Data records
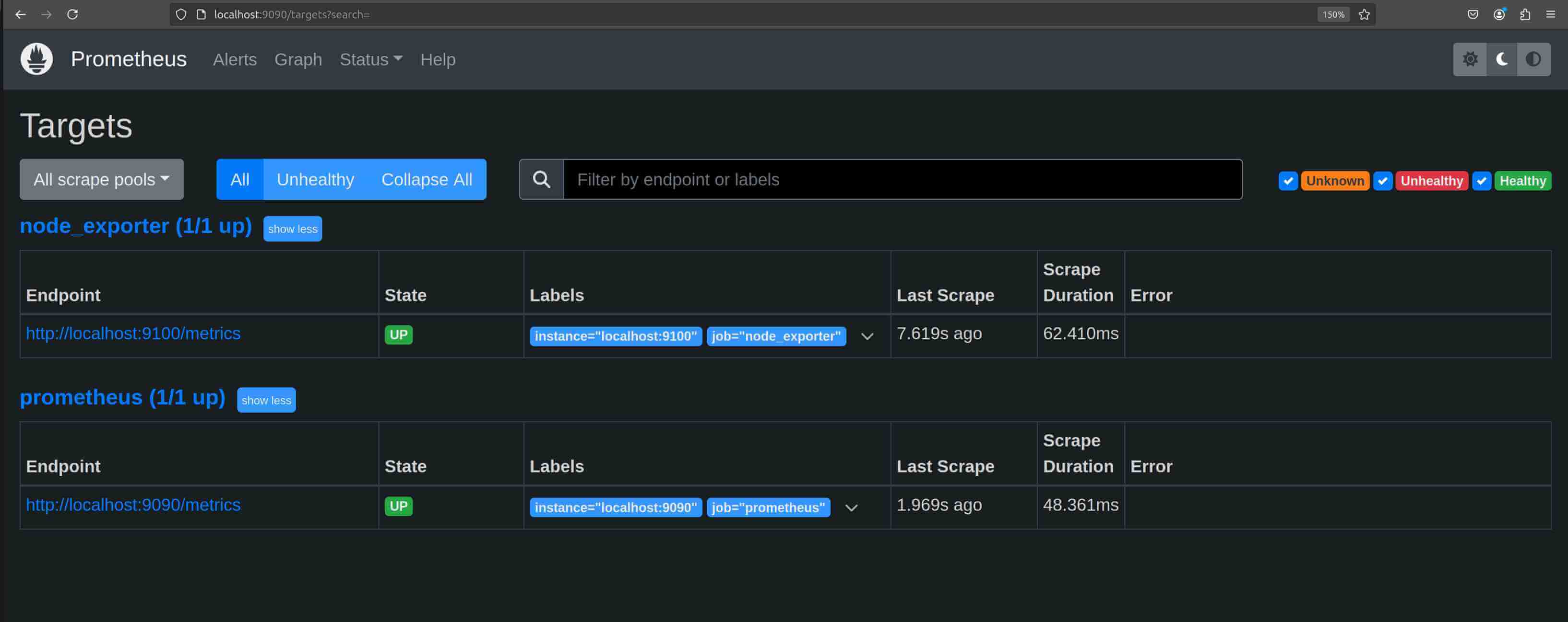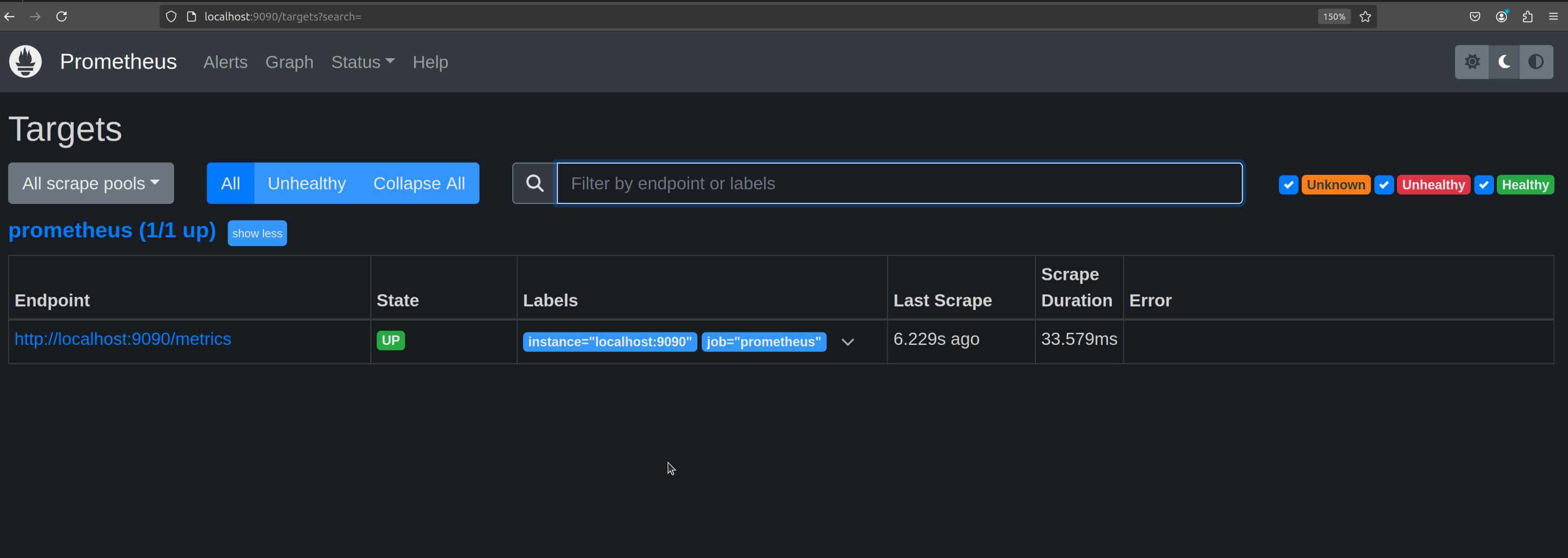 To confirm that Prometheus is collecting data from configured targets, go to Status > Targets:
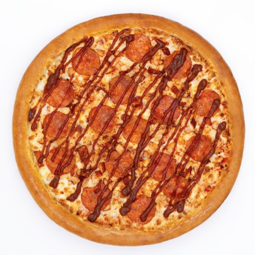 Золотистая основа, плавящийся сыр моцарелла, пикантная пепперони, ароматное копчёное куриное филе и горячий соус барбекю. Один кусочек — и вы почувствуете дух Америки!
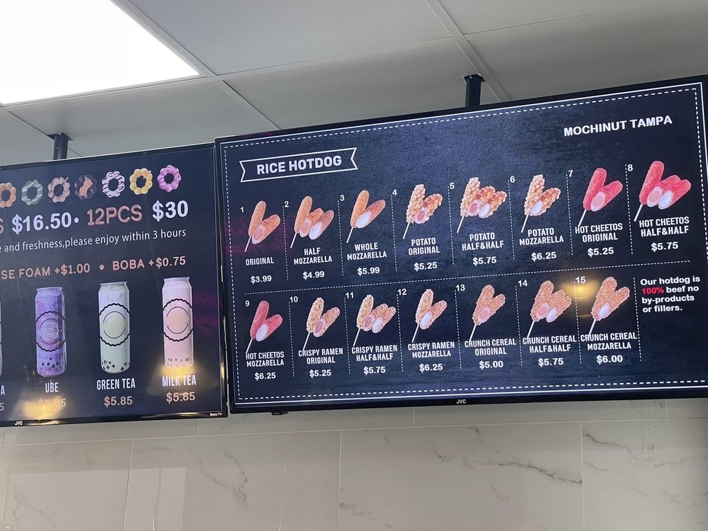 Welcome to MOCHINUT Tampa, a vibrant spot where unique culinary delights await. Located in Temple Terrace, this eatery specializes in rice hot dogs and mochi donuts, each crafted to tantalize your taste buds. The Original Half & Half Rice Hotdog, featuring a juicy beef hotdog encased in gooey mozzarella, offers a harmonious blend of flavors for just $6.50. Pair it with their refreshing boba drinks, like the decadent Brown Sugar or the fruity Strawberry Milk, both priced at $7.50.
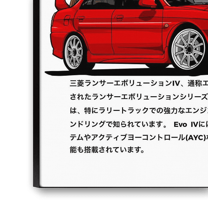 Een opvallende rode straatmachine geparkeerd voor een gezellige ramenwinkel, een mix van Japanse autocultuur en stedelijke nostalgie. De levendige tinten en klassieke sfeer geven de essentie weer van nachtelijke ritten en authentiek straatgevoel. Perfect voor fans van op JDM geïnspireerde kunst en nostalgische stadsgezichten.
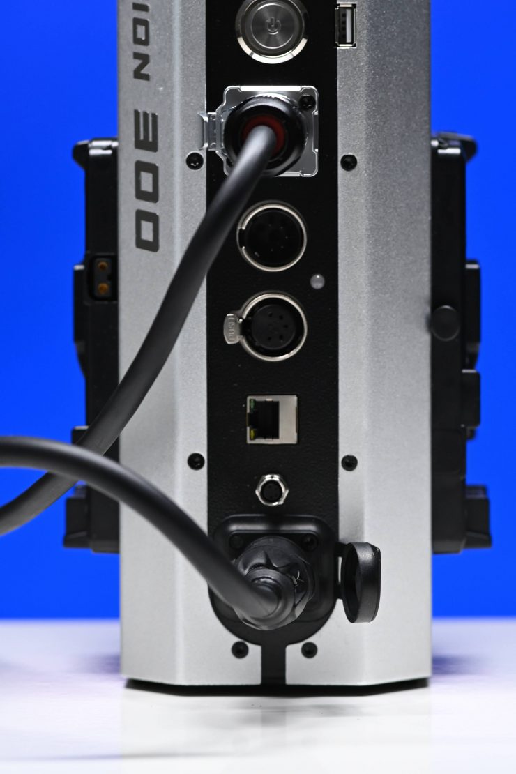 The light can also be run off V-lock batteries as the controller/power supply features dual V-mount battery plates.
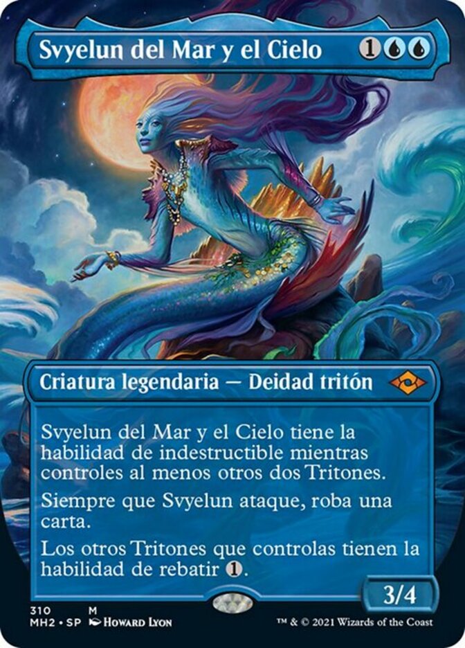 | Rules | Svyelun of Sea and Sky has indestructible as long as you control at least two other Merfolk. Whenever Svyelun attacks, draw a card. Other Merfolk you control have ward . (Whenever another Merfolk you control becomes the target of a spell or ability an opponent controls, counter it unless that player pays .) |
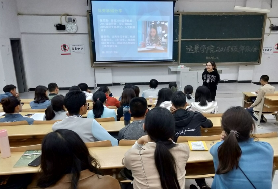 同时,为更好的发挥朋辈榜样作用,本次年级会还邀请了远景学院2015级张思逊同学、2016级邓晶同学为大家分享。
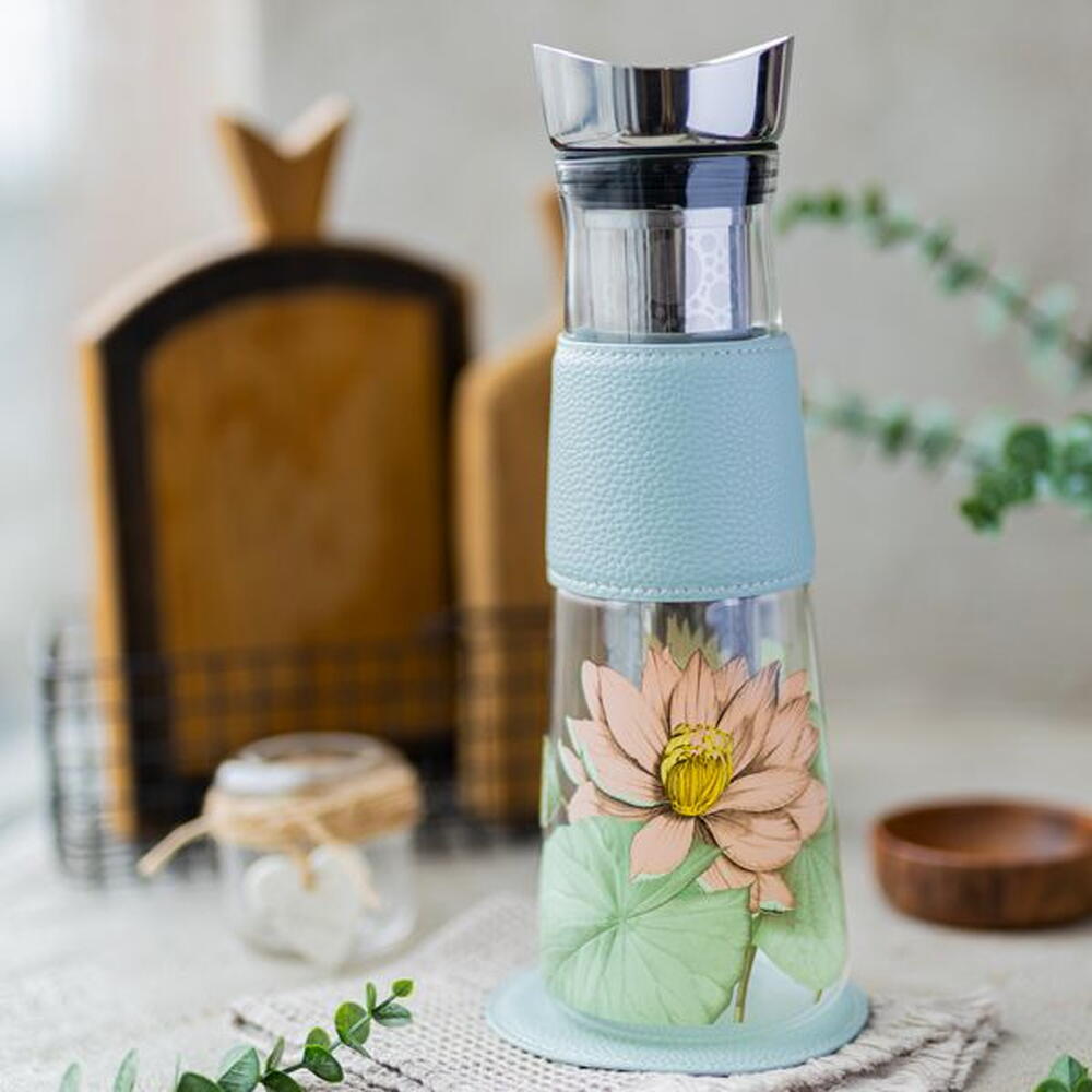 Универсальный кувшин с металлическим ситом для удобной и эффектной подачи напитков. Нежный цветочный дизайн поможет создать элегантную сервировку стола. Кувшин подходит для приготовления чая и кофе, в том числе и для холодного. Также хорошо подойдет для простой воды. Утонченный стеклянный кувшин изготовлен из термостойкого боросиликатного стекла, которое позволяет наслаждаться цветом настоя, очаровывает своим поразительным внешним видом. Красиво изогнутая двухкомпонентная крышка со встроенным фильтром может оставаться на кувшине во время заливания воды. Сито из нержавеющей стали с тщательно продуманной перфорацией подходит для приготовления различный напитков, не искажает их вкус, позволяет тщательно отфильтровывать заварку. Манжетка из искусственной кожи препятствует скольжению кувшина в руке и термическому ожогу. Для изготовления кувшина используются только безопасные материалы: они регулярно тестируются независимыми лабораториями и соответствуют действующим международным нормам и законам. Производитель заботливо относится к окружающей среде, не использует загрязняющие ее материалы. Материал: стекло, нержавеющая сталь, искусственная кожа. Объем: 1250 мл.
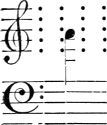 The following passage will show the necessity for this, and also the need of an intermediate clef, between the bass and treble.
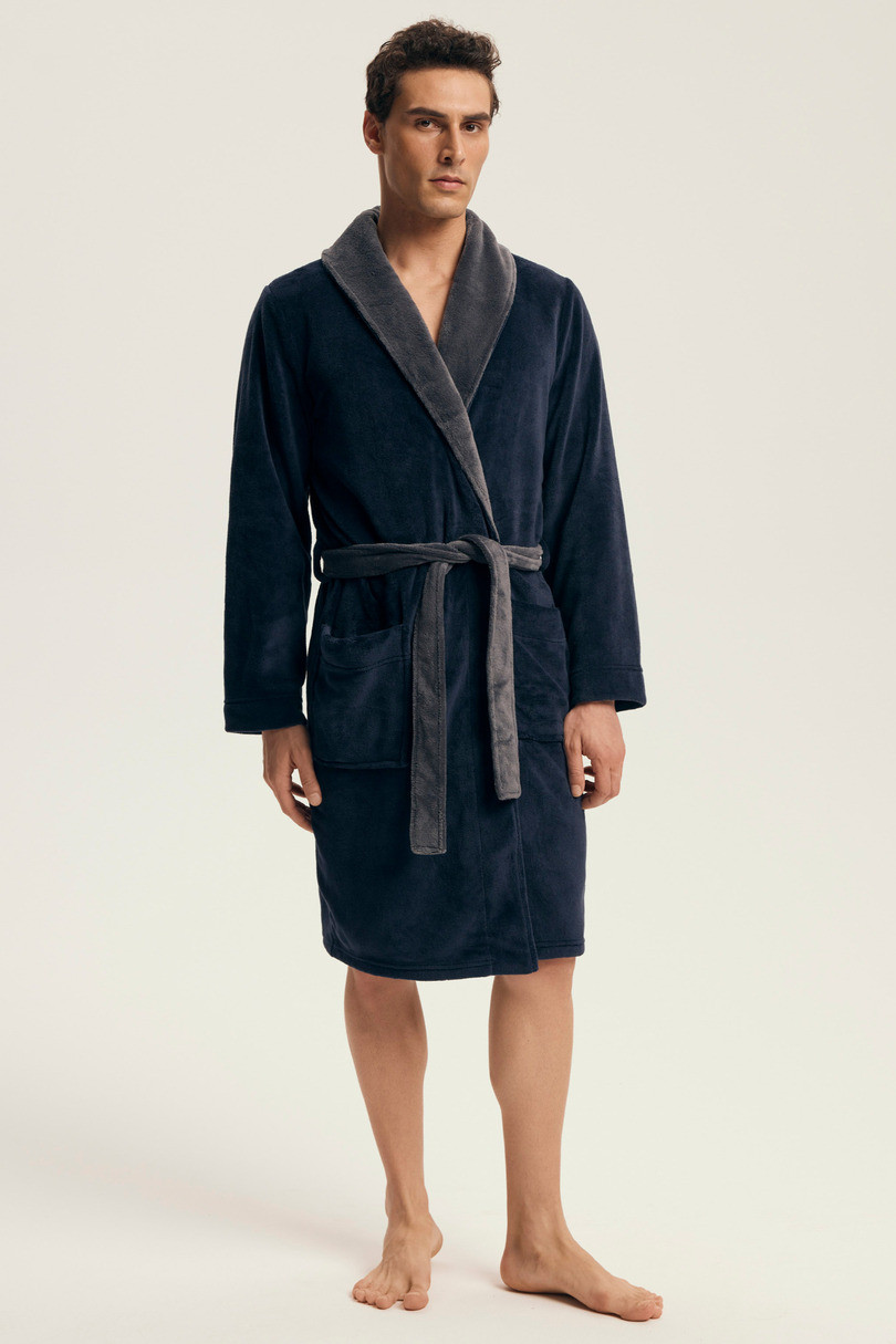 Szlafrok męski NOCTURN 43378 AW25 – klasyczna elegancja w domowym wydaniu Szlafrok męski NOCTURN 43378 AW25 to połączenie klasycznego fasonu z wyjątkowym komfortem noszenia. Wykonany z miękkiego, przyjemnego w dotyku materiału, idealnie sprawdza się na chłodne poranki, wieczory lub po kąpieli. Kontrastowy kołnierz w ciemniejszym odcieniu dodaje mu stylowego charakteru. Duże kieszenie oraz praktyczne wiązanie w pasie zapewniają wygodę i funkcjonalność na co dzień. Głęboki granatowy kolor sprawia, że szlafrok prezentuje się bardzo elegancko i ponadczasowo. Skład surowcowy: 100% Poliester
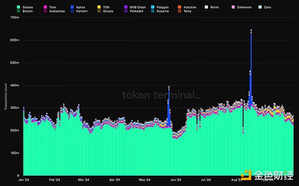 在收入方面,由于Dencun之后的費用影響以及Solana和Tron上活動的增加,我們看到了重大變化。在Dencun之后,Ethereum超聲波貨幣理論明顯崩潰,8月底,Ethereum的收入份額跌至5%以下。
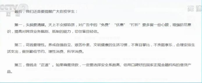 央視網(wǎng)消息:近年來,在有關(guān)部門的聯(lián)合治理下,不良“校園貸”得到了一定程度治理。但嚴(yán)防嚴(yán)治下,部分不法機(jī)構(gòu)在暴利誘惑下鋌而走險(xiǎn),仍有一些學(xué)生上當(dāng)受騙,嚴(yán)重侵犯了學(xué)生的合法權(quán)益,造成了不良的社會(huì)影響。
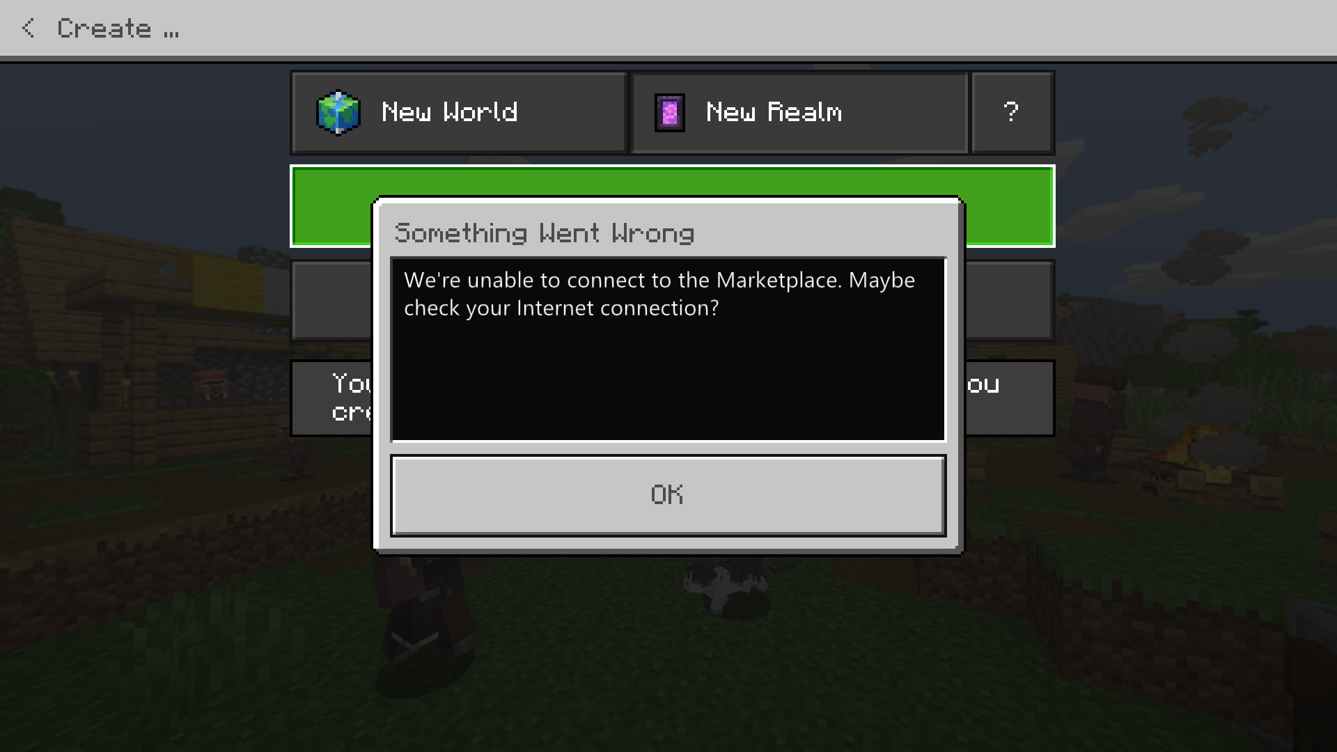 The Realm icon in my worlds list disappeared and when I tried to create a Realm, an error window popped up saying ,,Unable to connect to Marketplace. Maybe check your Internet connection?'' I checked my wifi connection, it was all fine.

• _TASK BRIEF_: Using the records above, return verbatim only the part that opens with the line containing "Золотистая основа, плавящийся" and closes with the line containing "Welcome to MOCHINUT"; pictures stay out.

• _RESULT BELOW_:
 Золотистая основа, плавящийся сыр моцарелла, пикантная пепперони, ароматное копчёное куриное филе и горячий соус барбекю. Один кусочек — и вы почувствуете дух Америки!
 Welcome to MOCHINUT Tampa, a vibrant spot where unique culinary delights await. Located in Temple Terrace, this eatery specializes in rice hot dogs and mochi donuts, each crafted to tantalize your taste buds. The Original Half & Half Rice Hotdog, featuring a juicy beef hotdog encased in gooey mozzarella, offers a harmonious blend of flavors for just $6.50. Pair it with their refreshing boba drinks, like the decadent Brown Sugar or the fruity Strawberry Milk, both priced at $7.50.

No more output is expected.